Hunter, 26, doesn’t live anywhere in particular and says that he’s into “this other kind of organic, fluid spirituality.” He’s all for smoking a joint now and then in order to take what he describes as a “a temporary vacation from your life”. Naturally he couldn’t care less about expensive clothes, record sales, popular success, money – what George Harrison once called “the material world.” “He didn’t eve have a bank account last year,” says 415 Records president Howie Klein, who discovered and signed Wire Train. “All he does is write songs.”
Hunter wanders into Café Flore, an artsy San Francisco hangout, looking more like a scruffy bohemian poet than the leader of a modern rock band. He’s wearing a long black fur-collared wool overcoat with the lining coming undone, a borrowed black corduroy shirt, tight black pants with a rip at the knee and a pair of pointed black suede shoes that could use a cleaning. He orders something to drink, then abruptly tells the waiter to forget it. He has neglected to bring any cash along.
Once seated at a corner table, Hunter is asked if he’s remained true to the punk spirit that inspired him to form Wire Train six years ago. “Punk is as out-of-date now as beings hippie was in 1977”, he says, slightly miffed at the question. “No youth movement has a corner on reality.”
“Punk doesn’t exist. It’s gone. It was just a collection of ideas that were floating around. There was postpunk and antipunk and then there will be – who knows? – the doorknob people. It’s not the name that’s important; it’s remaining sensitive to the world…. I don’t want to be grounded. I want to float down the stream and look at the scenery and interact with it.”

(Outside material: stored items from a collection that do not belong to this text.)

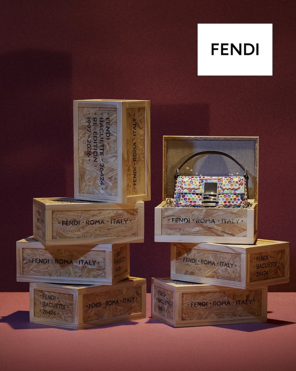 FENDI will unveil the Baguette 26424 Re-Edition at Milano Design Week 2026, celebrating the bag’s original 1997 model code. The collection debuts at Palazzo FENDI Milano with archive-inspired designs and a special installation highlighting the brand’s craftsmanship and heritage.
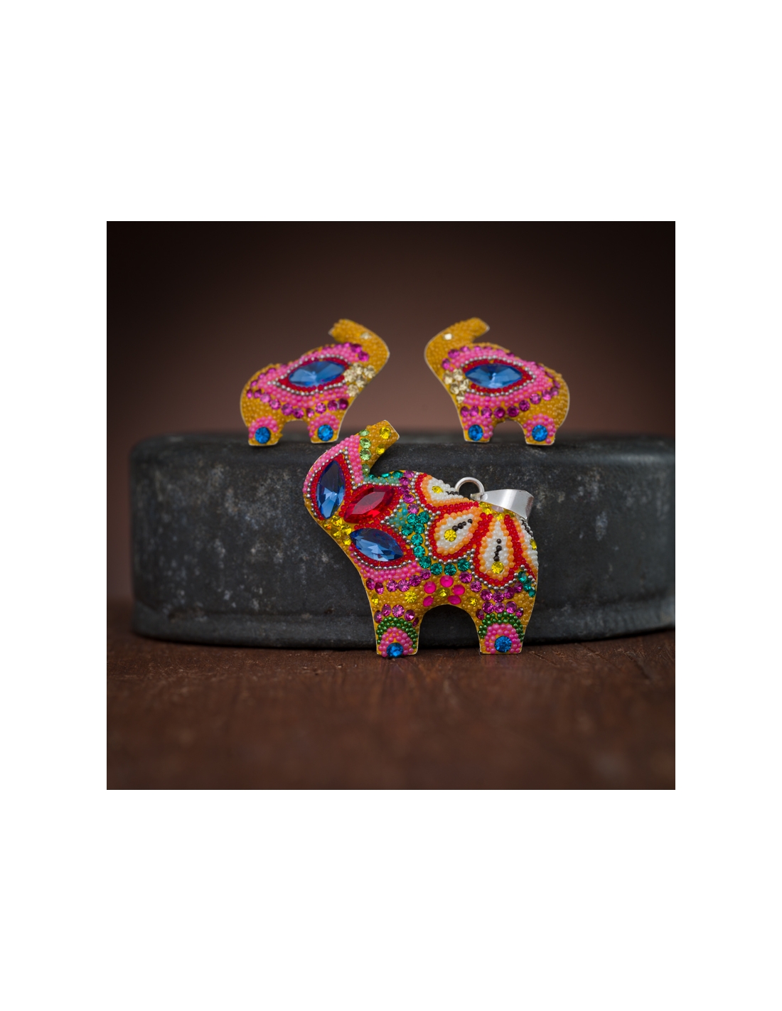 Juego de aretes y dije de plata .925 elefante con cristales y micro perlas
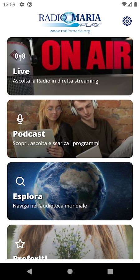 «Radio Maria Play» — это приложение, которое позволяет вам слушать Radio Maria в прямом эфире по всему миру бесплатно и всего за несколько простых кликов. Радиостанции из более чем 60 стран доступны более чем на 50 языках.

Don’t get Hunter wrong; he’s no space cadet. Sure he’s eccentric, naïve, hopelessly idealistic and out of touch by bottom-line 1987 standards. But who ever expected a poetic rock star to be otherwise? With the wave of a hand he dismisses musicians who are into the cult of ‘let’s have problems with the record company.'” He laughs about people who “want their artists to make sense for them. How boring to have your life make sense.”
Shimmering guitars, oblique lyrics, a rock-steady rhythm section and Hunters Dylanesque vocals define Wire Trains haunting, atmospheric style, which shows traces of Sixties folk-rockers like The Byrds, as well as Eighties New Wavers like U2 and The Cure. In addition to Hunter on guitar and vocals, the group includes drummer Brian MacLeod (formerly of the Sleepers and Group 87), bassist Anders Rundblad (formerly of the Swedish group Mötvind), and guitarist Jeffrey Trott.
U2’s Bono called Wire Train’s debut LP, In A Chamber, the best album of 1984, and their second album, 1985’s Between Two Words, was widely praised by critics. But it’s their brilliant new album, Ten Women, recorded during a three month stay in London last summer with help from members of the Waterboys, World Party and the Alarm, that may finally bring Wire Train commercial success. Hunter is not very concerned. “I’m not obsessed with having a hit,” he insists. “CBS [which distributes 415] knows that what Wire Train does may be very, very low art, but it is art. And they don’t expect us to be Loverboy or The Hooters.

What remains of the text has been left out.